(vers 1990)

Comme quand j'écris, fluides, faciles à dire... Nos phrases pareilles. Ce qui, dans le flot, coule, transporte, sans accident, emmène... (dans un fluide, un courant continu de fleuve régulier, qui le transporte sans accident, l'emmène, flottant, sur cette dérive régulière, ce " stream " continu)... infléchies jusqu'à une perte de souffle presque, jusqu'à leur perte presque... mais maintenues, au fond, latentes... retenant, couvant déjà la suite... et puis, en bout de phrase, au bout, nous choppe. Comme ici.
Nos phrases pareilles.

Lorsqu'on en est là à la musique, à l'affinage du style, à l'affinage du sens, il me faut (m')écouter pour résoudre les hésitations.
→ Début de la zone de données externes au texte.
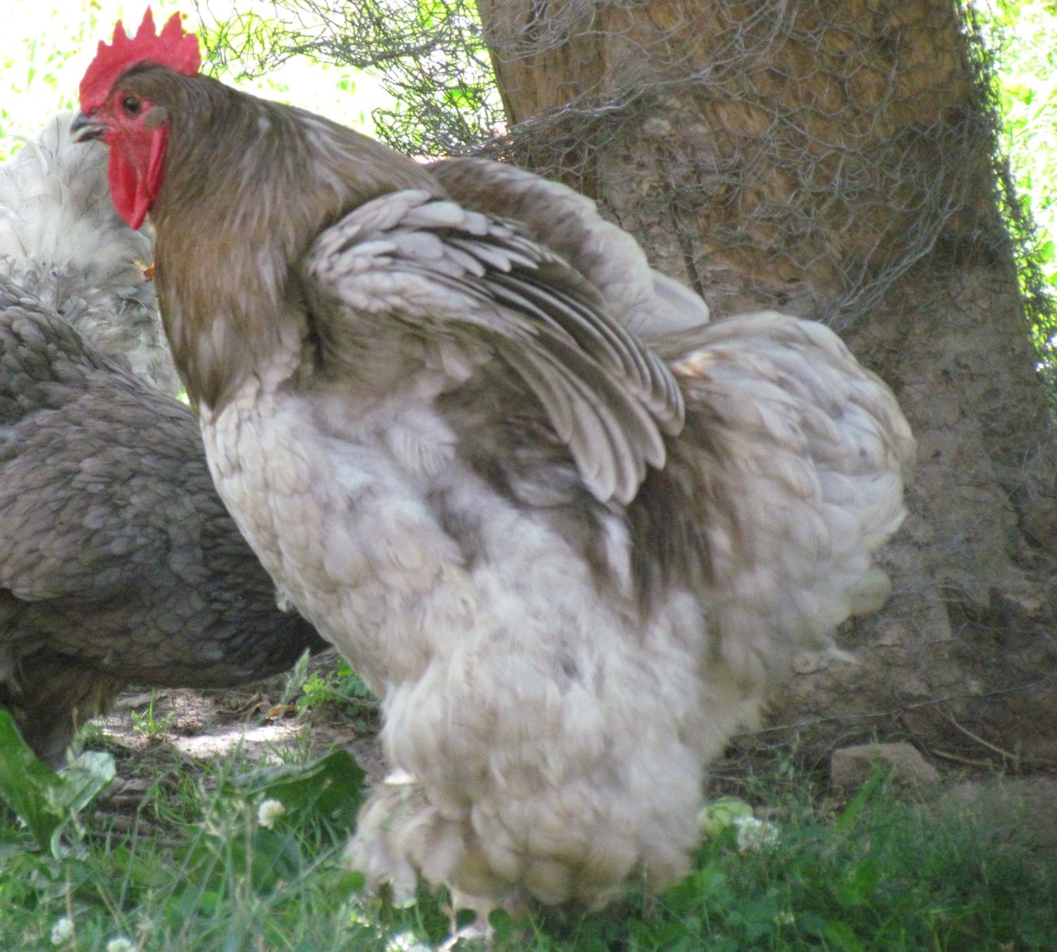 I'm guessing him to be a Splash with tawny leakage. I don't know what you're feeding, but you might look into a non-corn based feed just to see if that has an effect on the color. FYI the tawny color is not a desirable trait so you would want to see if it could be dietary or that is his true color. He looks to be a clear blue as a chick, so............

Poser ce qui, dans le flot, coule le mieux, tient la musique, dans le rythme, soutient le mélodique, le porte et, à la fin, le fait fléchir, l'infléchit jusqu'à une perte de souffle presque, jusqu'à sa perte presque... mais maintenue, au fond, latente... retenant, couvant déjà la suite...
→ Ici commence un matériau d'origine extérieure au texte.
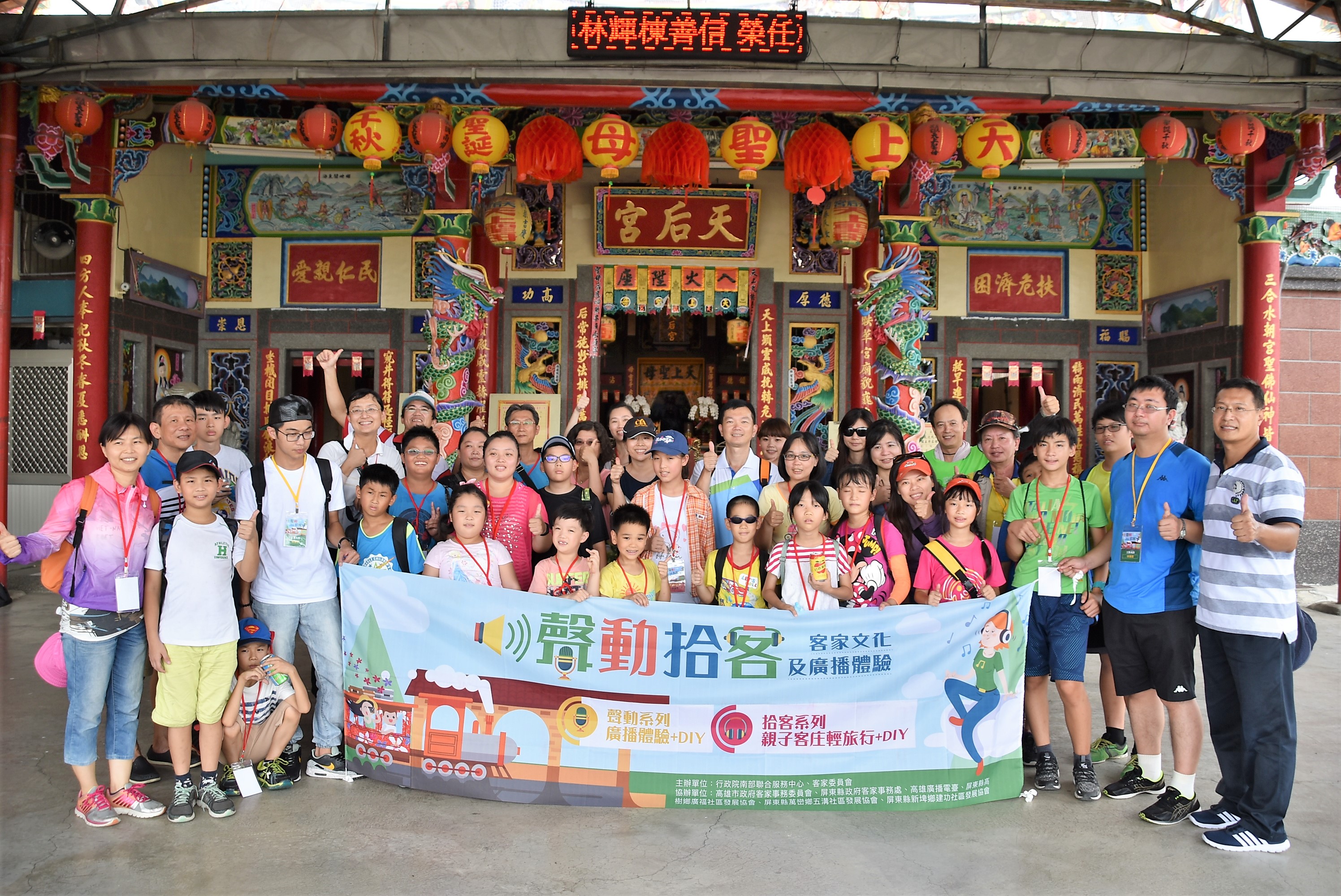 【高屏/報導】為引領民眾接觸客家語言與文化,以及引發民眾對客家文化探索的興趣,行政院南部聯合服務中心與客家委員會5日在右堆-美濃、高樹主辦「聲動拾客-客家文化及廣播體驗活動」,20組親子實地學習說客語、聆聽客家文史及建築、品嘗客家風味的特色菜、使用當地特產學製客家漬物等,處處洋溢歡笑聲,度過知性的一天「親子輕旅行」小時光,歡度難忘假期。

Souvent je m'efforce de faire des phrases fluides, légères, faciles à la lecture, qui n'y fasse pas trop d'accrocs, pour emmener le thème, le lecteur dans un fluide, un courant continu de fleuve régulier, qui le transporte sans accident, l'emmène, flottant, sur cette dérive régulière, ce stream continu… et puis, en bout de phrase, de paragraphe, de partie, le choppe. Comme ici.
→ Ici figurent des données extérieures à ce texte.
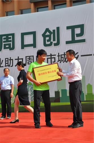 城乡一体化示范区管委会主任张建党代表示范区党工委、管委会现场为周口建业颁发“助力创卫爱心企业”奖牌。

Le sujet importe peu, c'est la façon de le pénétrer.

(Il faut) styliser, nourrir, émouvoir. Rendre le texte autonome, autonome de l'auteur /moi, en l'intensifiant, le grossissant, lui donnant du sang jusqu'à ce qu'il soit loin, détaché de moi. Maintenant que tout est écrit, il va falloir le travailler, l'amoindrir, le regrossir jusqu'à ce que la pâte soit maléable et souple. Le sortir du récit (le sortir de moi), jusqu'à ce qu'il soit autonome, en lui insufflant une fiction, (une amplification) mais une fiction qui ne soit pas seulement une fiction d'anecdotes mais une fiction, un surplus de matière, de style, de gouaille, de poésie, d'émotion. (Lui donner du caractère) pour qu'il s'échappe de lui-même, devienne autonome, dise par lui-même et non pas par la patte trop présente de l'auteur. Par trop d'intentions.